From the WSJ:
To Die for Love
By NANCY DEWOLF SMITH
February 29, 2008; Page W6
"New Amsterdam," a Fox drama set in New York over a period of some 400 years, is getting a great send-off. The first two episodes, on Tuesday and Thursday from 9-10 p.m. ET (before moving on March 10 to Mondays from 9-10), will come on after "American Idol." Most actors in a series would die for a lead-in like that. The hook for "New Amsterdam," however, is that its hero, John Amsterdam (Nikolaj Coster-Waldau), can't die. As a Dutch soldier in 1642, he was fatally pierced with a sword while defending an Indian maiden in the colony that was to become New York City. Her return gift to him was a magical breath of smoke that conveyed immortality, until -- can't you guess? -- he finds his true love.

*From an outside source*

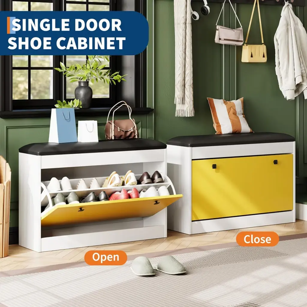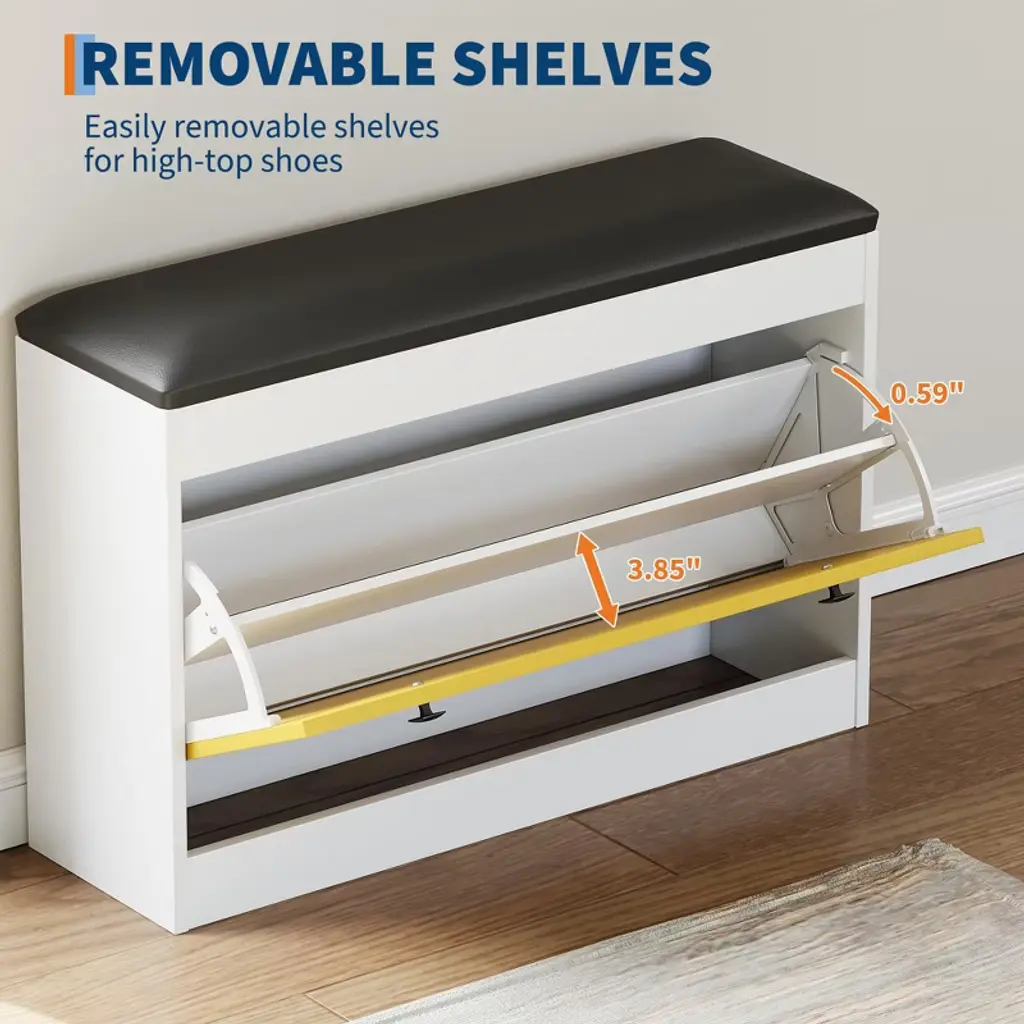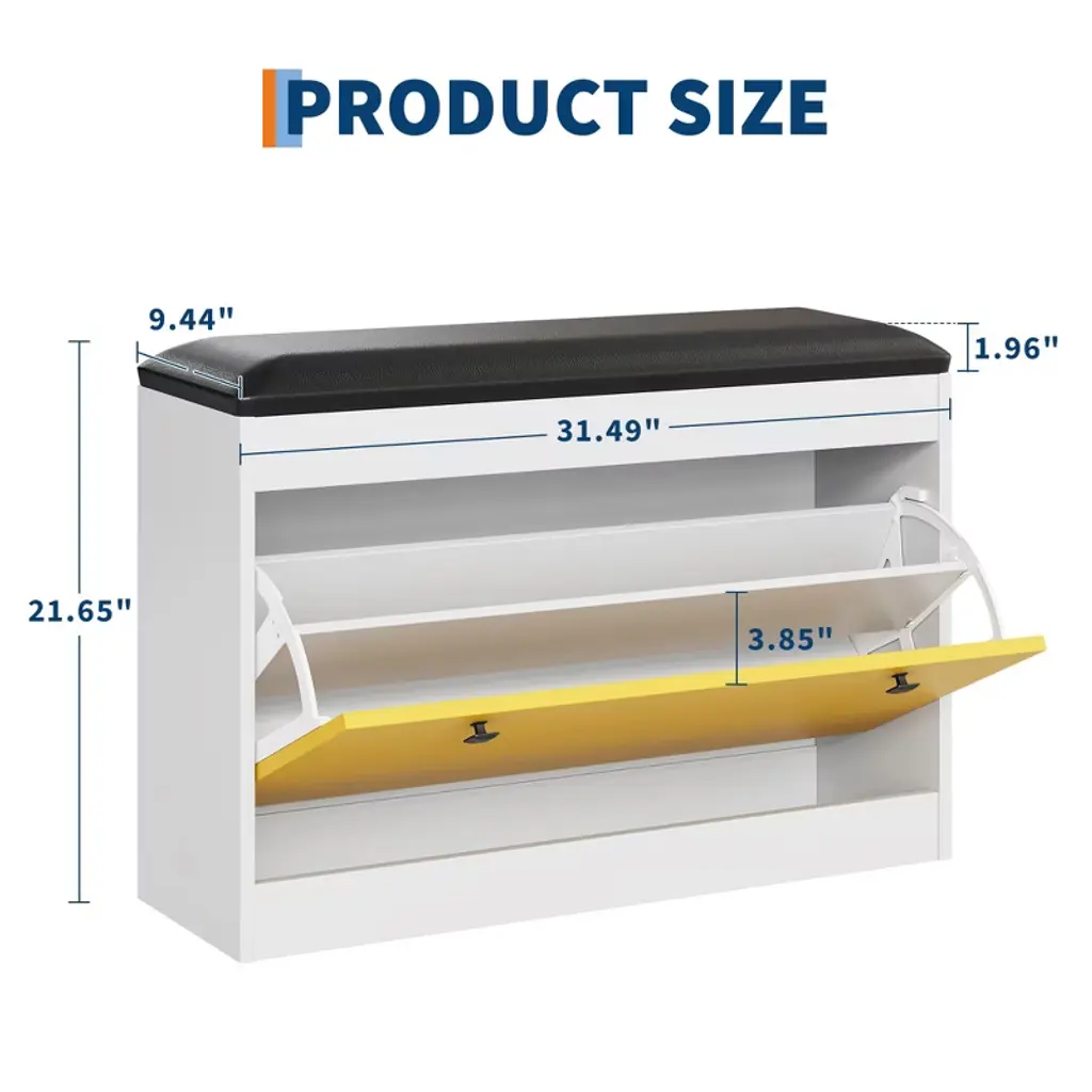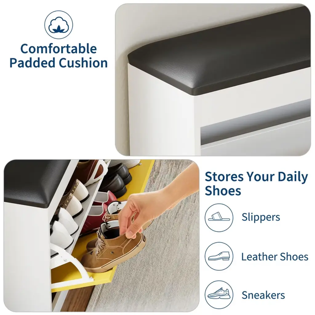 This sleek and space-saving shoe storage bench is designed for compact areas such as apartments, dorms, hallways, or mudrooms. Combining a modern white finish with functional storage and a comfortable seating cushion, it keeps your entryway organized without sacrificing style or space.

As hokey as this may sound, it gives the series a huge range for invention. Although most of the action is set in the present, where John Amsterdam is now a homicide detective, his knowledge of things past opens the door for flashbacks to earlier eras. In the first episode, for instance, paint mixed with gold-leaf under the nails of a murder victim leads us back to the 1930s, when our detective was courting the artist who made the concoction. When he finally finds her in the present, the contrast between the former lovers, her face ravaged by age and his still fresh, is unexpectedly poignant.
(snip)
Yet things are about to change even for our hero. Chasing a suspect on a contemporary New York subway platform, he sees a stream of women getting off a train and falls to the platform unconscious. One of those women has begun in him the process of physical decay. But which one -- and do we want him to find his soul mate even if it means the first step on an inevitable path to death?